Music Maker Relief Foundation is an American non-profit, based in Hillsborough, North Carolina. Music Maker Relief Foundation was founded in 1994 by Tim and Denise Duffy to "help the true pioneers and forgotten heroes of Southern music gain recognition and meet their day-to-day needs. Music Maker presents these musical traditions to the world so American culture will flourish and be preserved for future generations."

History

Early years
In 1989, while completing his studies for a master's degree in Folklore at the University of North Carolina at Chapel Hill, Tim Duffy was documenting blues musician James "Guitar Slim" Stephens for the university's Southern Folklife Collection.

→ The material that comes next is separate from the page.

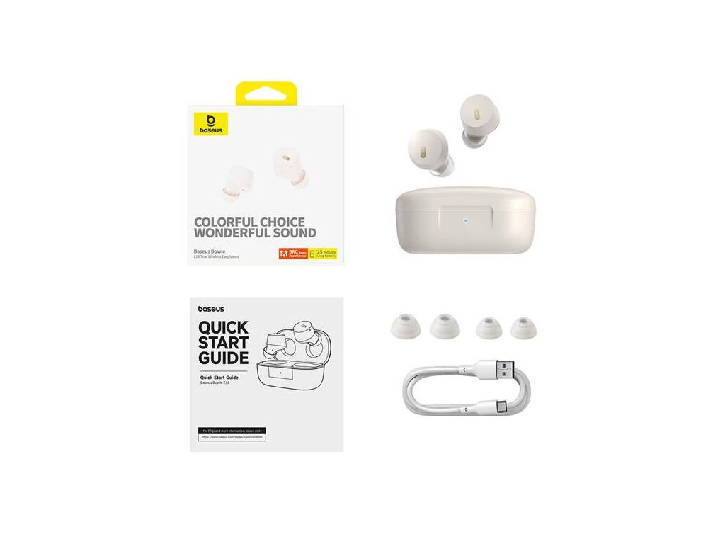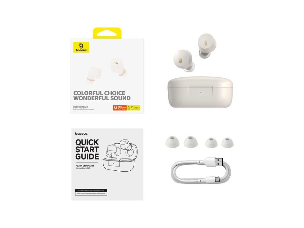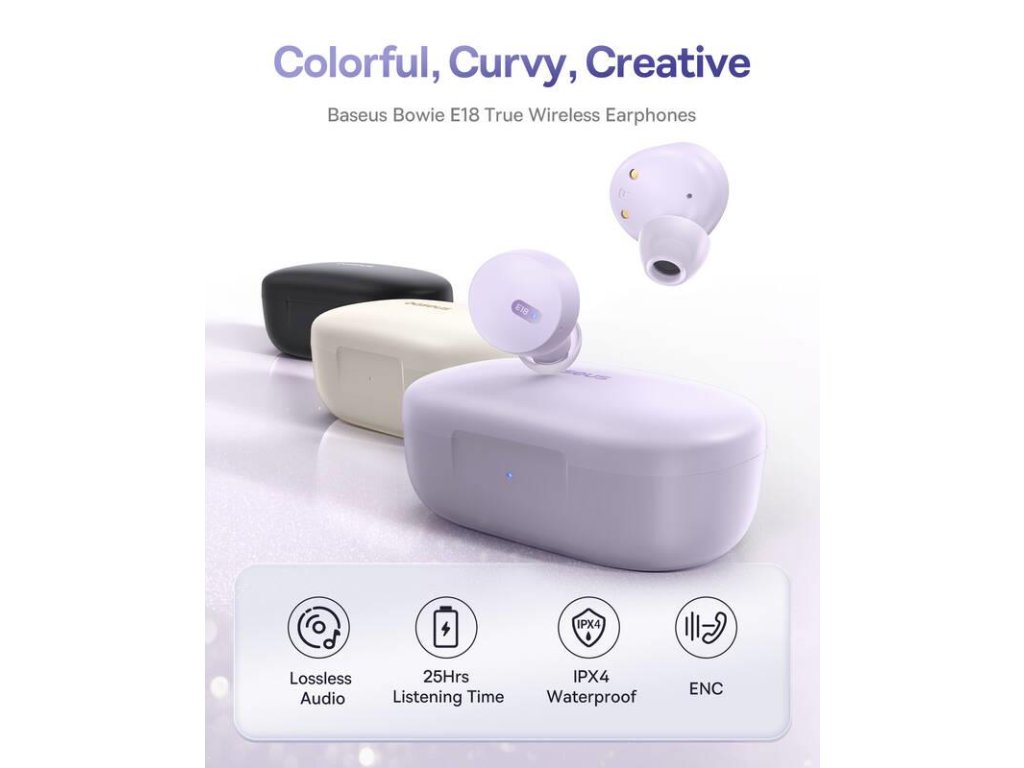 Bezdrôtové sluchátka TWS Baseus Bowie E18 sú určené pre milovníkov hudby, ktorým záleží na špičkovej kvalite a pohodlí. Vďaka širokému frekvenčnému rozsahu 20 Hz až 20 kHz, mikromembráne a precíznej akustickej komôre poskytujú bezstratovú reprodukciu každého tónu, výnimočnú čistotu a hĺbku, ktorá vás úplne pohltí. Sú vhodné nielen na počúvanie skladieb, ale oceníte ich aj pri sledovaní filmov, videí alebo hraní hier. Dokonalé pohodlí Tento model môžete bez problémov nosiť celé hodiny. Má ergonomický tvar a optimálny prítlak, takže vám dokonale padnú do uší. Pre ešte väčšie pohodlie sú súčasťou balenia rôzne veľkosti nástavcov do uší, ktoré sa plne prispôsobia užívateľovi. Určite oceníte aj ľahkú konštrukciu, vysokú stabilitu a stupeň krytia IPX4, ktorý odolá dešti a potu. Preto si ich pokojne vezmite na beh alebo do posilňovne. Detailná akustika s čistými výškami a hlbokými basmi Vysoko verný zvuk poteší aj tých najnáročnejších poslucháčov Stupeň krytia IPX4 je ideálny na športovanie alebo používanie v dešti. Skvele sedí v ušiach a je ľahkýDodatočné parametre

Stephens's health was in decline, and shortly before his death, he advised Duffy to locate a musician named Guitar Gabriel.

After his graduation, Duffy began working as a substitute teacher at a middle school in Winston-Salem, hearing an assortment of folkloric tales about Guitar Gabriel from students, until one student volunteered that Gabriel was her neighbor, living in the government housing projects of Winston-Salem. That evening, Duffy followed the student's directions to a "drink house" in the neighborhood, where he met Gabriel's nephew, Hawkeye, who took him to meet Gabriel. Duffy forged a close friendship with Gabriel, and the two began recording and performing under the name Guitar Gabriel & Brothers in the Kitchen, releasing the album Do You Know What it Means to Have a Friend? (also known as Toot Blues) on their own Karibu label in 1991.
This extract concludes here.